|Opposition supporters rally in Georgian capital ahead of president's visit to Washington|
|March 17, 2008|
March 17, 2008
About 5,000 opposition protesters rallied in the Georgian capital on Sunday evening to show their dissatisfaction with President Mikhail Saakashvili ahead of his visit to Washington this week.
The demonstrators, gathered in front of the parliament building, accused Saakashvili of stealing the Jan. 5 presidential election in which he won re-election with 53 percent of the vote. They demanded he step down and call a new election.
Among the demonstrators were about 60 people who joined a hunger strike begun by a handful of opposition leaders last weekend to press their demands. The hunger strikers, whose numbers grew throughout the week, have been camping out in front of parliament in tents.
In a televised address Sunday before leaving for Washington, Saakashvili appealed to Georgians for unity at a time of heightened tensions with Russia.
He said a "major geopolitical battle" was being waged over Georgia's desire to join NATO. He also accused Russia of creating a "critical situation" through its support for two separatist regions that Georgia's government has been aiming to bring back under its control.
Russia has opposed NATO's eastward expansion and seems particularly concerned about the prospect of membership for Georgia and Ukraine. The leaders of both former Soviet republics have annoyed Moscow by turning toward the West.
Opposition leader Levan Gachechiladze was not swayed by the president's remarks. He called on his supporters to protest in front of the US Embassy on Wednesday, the day Saakashvili is to meet with US President George W. Bush in Washington.
"The Americans should know that Saakashvili does not represent the Georgian people," Gachechiladze told the crowd. "The Georgian people are represented by all of you."
The opposition claims Saakashvili's camp relied on fraud to reach the 50 percent threshold needed for outright victory.

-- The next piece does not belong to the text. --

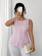 Elenzga Elegant Sleeveless Shirt Vest For Women, Blue Striped Slim Fit Casual/Office Wear, Plus Size,
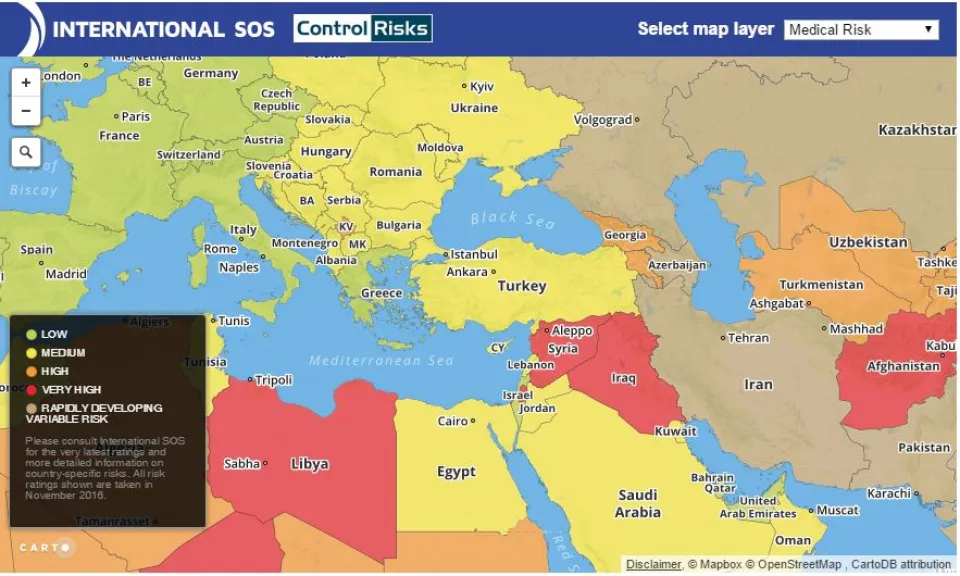 Dünyanın seyahat riski haritası açıklandı. Haritaya göre Türkiye orta risk seviyesine sahip. Türkiye’nin sınır komşuları Gürcistan ve Azerbaycan yüksek risk grubundaki ülkeler arasında yer alırken Suriye, Irak, Afganistan, Libya ise çok yüksek riskli bölge olarak görülüyor. Yunanistan, İtalya, Çek Cumhuriyeti, Avusturya, Fransa, İspanya, Almanya gibi Avrupa ülkeleri düşük riskli ülkelerken; Bulgaristan, Romanya, Sırbistan Türkiye gibi orta seciyeli risk barındıran ülkeler arasında yer alıyor. İran, Kazakistan, Özbekistan ve Rusya ise hızla artan, değişken risk grubundaki ülkeler olarak görülüyor.

They want him to face a runoff against Gachechiladze, who won about 25 percent of the vote, according to official results.
Since he was first elected in 2004, 40-year-old Saakashvili, a US-educated lawyer, has helped transform Georgia into a country with a growing economy and aspirations of joining the European Union as well as NATO.
But his popularity has plunged, and his government has been accused of authoritarianism and criticized for failing to ease poverty.